ABOUT THIS TASK: In the material below, find the line with "建筑层面上,空间绝非刻板的立" and the line with "As she walked, deeply", then output both and every line between them exactly, omitting pictures.

TASK INPUT:
────────────────────────────────────────

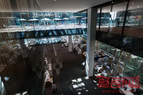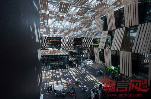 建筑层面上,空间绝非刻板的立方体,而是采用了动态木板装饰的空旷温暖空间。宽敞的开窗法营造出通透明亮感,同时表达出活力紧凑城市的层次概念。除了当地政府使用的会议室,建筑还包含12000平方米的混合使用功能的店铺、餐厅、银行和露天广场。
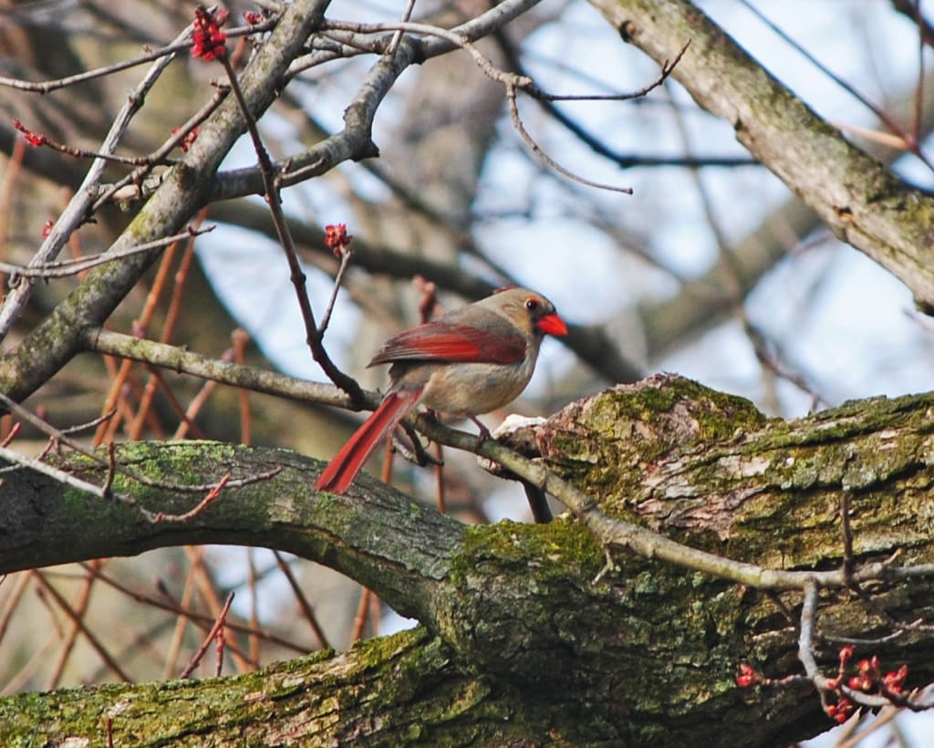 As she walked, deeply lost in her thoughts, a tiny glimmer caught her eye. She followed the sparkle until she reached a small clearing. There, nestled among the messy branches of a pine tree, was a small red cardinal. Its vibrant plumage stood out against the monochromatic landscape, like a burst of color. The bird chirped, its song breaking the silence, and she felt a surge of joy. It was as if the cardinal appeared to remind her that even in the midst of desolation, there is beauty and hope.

────────────────────────────────────────

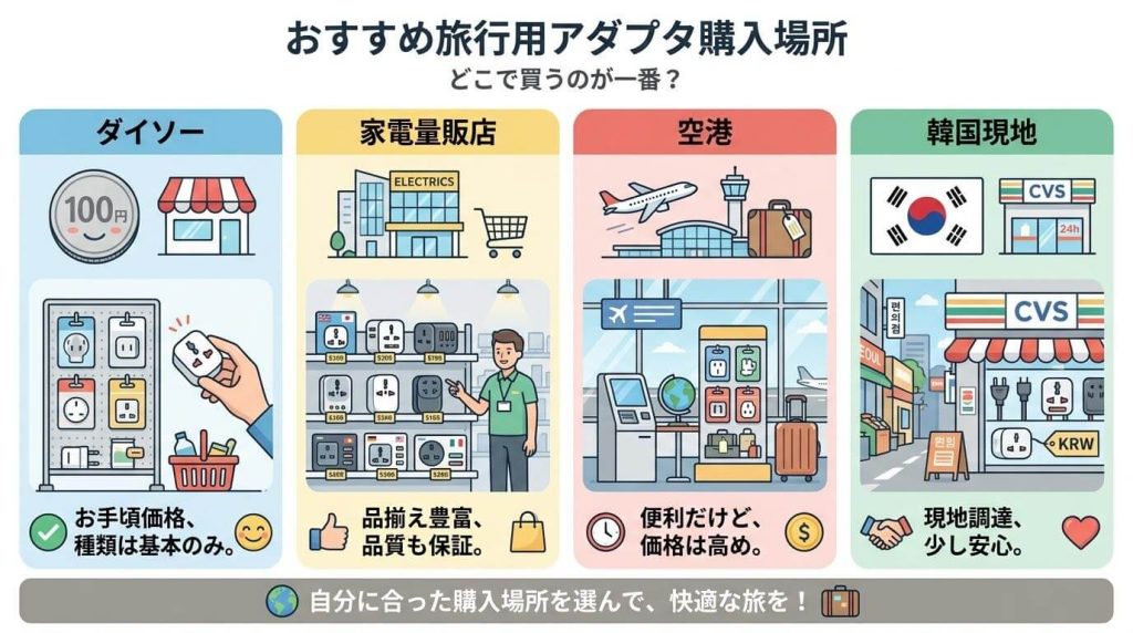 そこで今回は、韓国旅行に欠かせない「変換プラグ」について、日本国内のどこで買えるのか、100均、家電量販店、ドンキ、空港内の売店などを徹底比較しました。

────────────────────────────────────────

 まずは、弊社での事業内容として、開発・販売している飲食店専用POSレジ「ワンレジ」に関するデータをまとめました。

────────────────────────────────────────

OUTPUT OF THE EXERCISE:
 建筑层面上,空间绝非刻板的立方体,而是采用了动态木板装饰的空旷温暖空间。宽敞的开窗法营造出通透明亮感,同时表达出活力紧凑城市的层次概念。除了当地政府使用的会议室,建筑还包含12000平方米的混合使用功能的店铺、餐厅、银行和露天广场。
 As she walked, deeply lost in her thoughts, a tiny glimmer caught her eye. She followed the sparkle until she reached a small clearing. There, nestled among the messy branches of a pine tree, was a small red cardinal. Its vibrant plumage stood out against the monochromatic landscape, like a burst of color. The bird chirped, its song breaking the silence, and she felt a surge of joy. It was as if the cardinal appeared to remind her that even in the midst of desolation, there is beauty and hope.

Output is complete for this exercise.